Problem statement: The line with "Vem är det egentligen" through the last line of the entries: give these again exactly, and only these, without any pictures.

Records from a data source
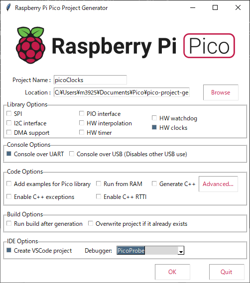 こちらの環境では C:\Users\m3925\Documents\Pico\pico-project-generator\picoI2c です。
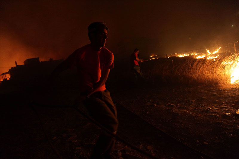 Σύμφωνα με τον δήμαρχο Καρύστου, οι περισσότεροι κάτοικοι έχουν εγκαταλείψει τις εστίες τους και βρίσκονται στην παραλία.
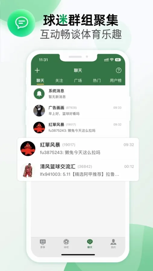 球迷聊天:用户自发性建立兴趣群聊,邀请兴趣相投的球迷朋友进群,共同讨论比赛、球员、技战术、周边等一切话题,更可在队伍比赛时通过语音信息为队伍呐喊助威,活跃群内气氛;
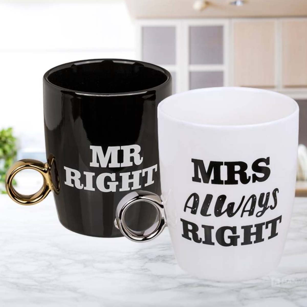 Vem är det egentligen som styr i hemmet? Riktigt roliga muggar till alla som vet vem som är den riktiga chefen hemma i huset. Ge bort den här roliga muggduon till din partner eller till ett par där ingen vill erkänna att de har fel. Den ena muggen har texten Mr. Right och den andra har Mrs. always right.
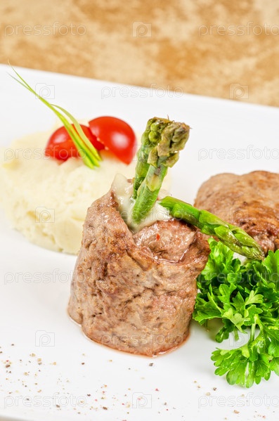 Рулеты с мясом-гриль из говядины с сыром моцарелла, ветчиной, спаржей и картофельным пюре
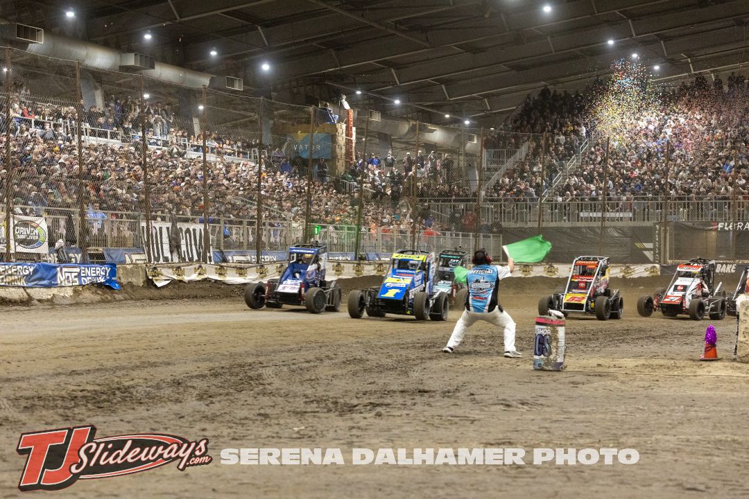 1R7A6038 Emerson Axsom (39A), Kyle Larson (1K), Logan Seavey (39), Blake Hahn (52) and Christopher Bell (21CB) (Serena Dalhamer photo)

Exercise response:
 Vem är det egentligen som styr i hemmet? Riktigt roliga muggar till alla som vet vem som är den riktiga chefen hemma i huset. Ge bort den här roliga muggduon till din partner eller till ett par där ingen vill erkänna att de har fel. Den ena muggen har texten Mr. Right och den andra har Mrs. always right.
 Рулеты с мясом-гриль из говядины с сыром моцарелла, ветчиной, спаржей и картофельным пюре
 1R7A6038 Emerson Axsom (39A), Kyle Larson (1K), Logan Seavey (39), Blake Hahn (52) and Christopher Bell (21CB) (Serena Dalhamer photo)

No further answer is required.